From Scholarship to Friendship: Paul E. Bates

September 10, 2013

Paul E. Bates

As they say in the movies, it was “the beginning of a beautiful friendship.”

Japheth Pritchett was a sophomore majoring in chemical engineering at Ohio State in 2007 when his advisor told him he had been selected to receive The Paul E. Bates Chemical Engineering Scholarship. That fall, he had the opportunity to meet Paul and his wife, Ruth, at the College of Engineering’s scholarship luncheon. From there, a positive connection was made.

Paul, a 1949 Ohio State graduate, served as ­­an engineer for The Procter & Gamble Company before retiring in 1987 as associate director of product development. Japheth followed in his P&G footsteps by working as a summer intern and then accepting an engineering job after graduating in 2011.

“Paul has been an incredible mentor for me and a great friend,” said Japheth, who grew up in Oklahoma as the youngest of four. He said Paul has given him perspective on life, school, and work. “Hopefully, 30 to 40 years from now, I’ll have a career as successful as his. I would love to do the exact same things he has done.”
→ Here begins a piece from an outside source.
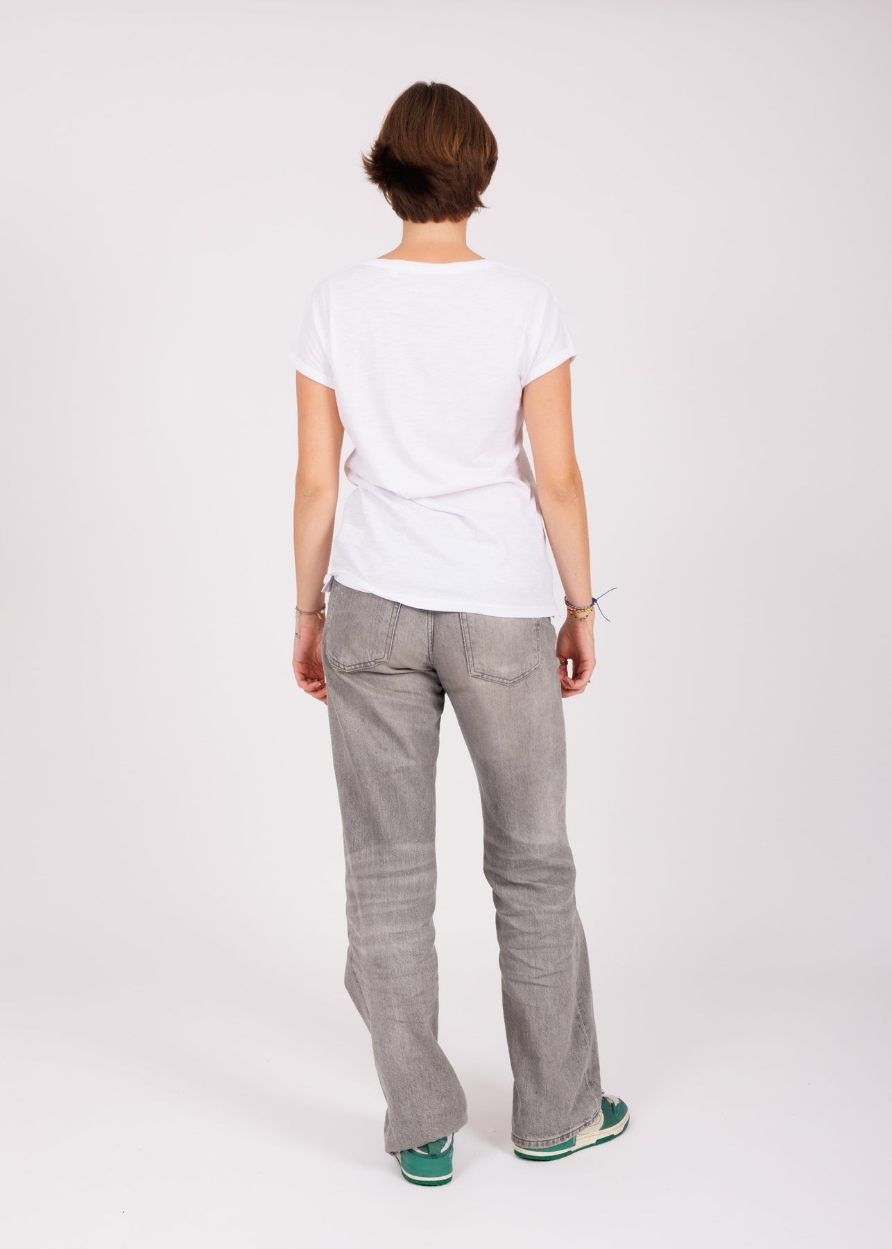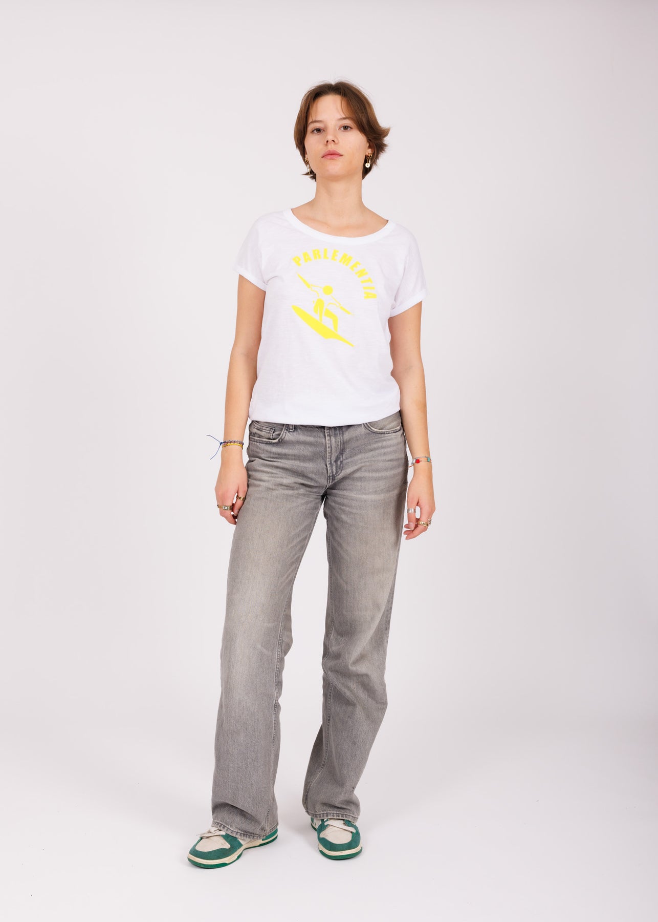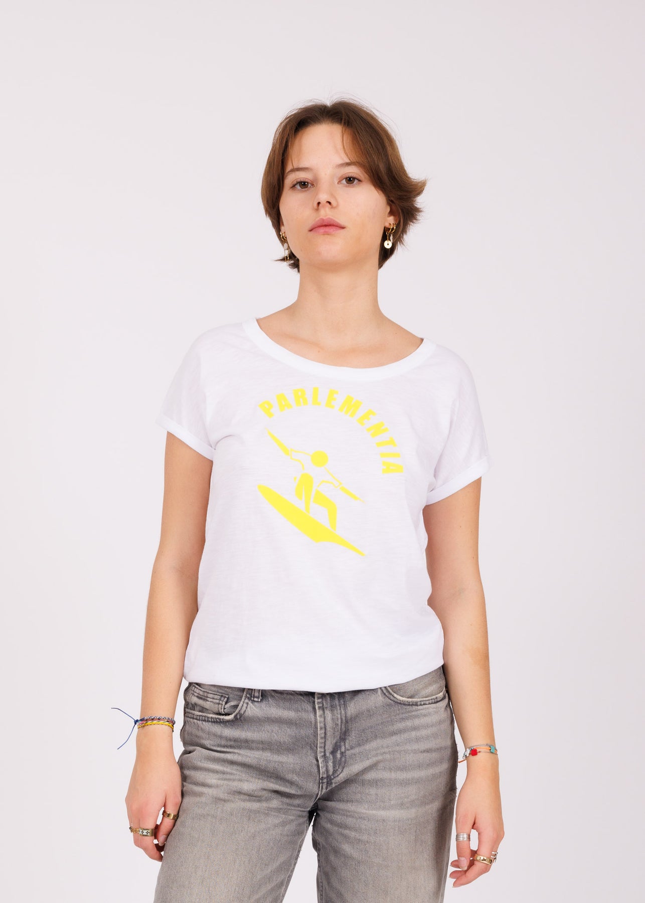 Le tee-shirt femme cool par excellence, en coton biologique, avec son col large et ses bords de manches repliés. Décoré dans notre atelier de Guéthary avec le logo Fingers jaune floqué sur la poitrine.

Knowing that nearly 40 students have benefited from the scholarship—established in 1995 with matching funds from P&G—has been a humbling experience to Paul, who is now 85. Ruth, who passed away in 2012, was especially pleased to give others the gift of an education because she could not afford to go to college. “We got to do something we wanted to do and never thought we could do,” said Paul, a President’s Club donor.

“We were Depression kids,” he shared, explaining that he worked extra jobs to pay his way through Ohio State. He also received some assistance from the G.I. Bill after serving in the Army. The couple eventually had two children, Carol Ingle and Paul Jr.

Paul admits he hadn’t given thought to the fund’s impact until he heard from some of the students. “Some say they would not have been able to make it without the scholarship,” he said. “The kids wrote such nice letters. Often, what you get back is much greater than what you put in.”

Japheth has plans to help grow the Bates scholarship fund, which awards supplemental scholarships to African-American students majoring in chemical engineering at Ohio State. In this role, he will contact former classmates and past scholarship recipients to encourage both financial support of the fund and an investment of time to serve as mentors for the students.

In this way, Japheth will be able to help pay it forward and “let students know there’s somebody investing in their success,” he said. “I can’t say thanks enough to Paul.”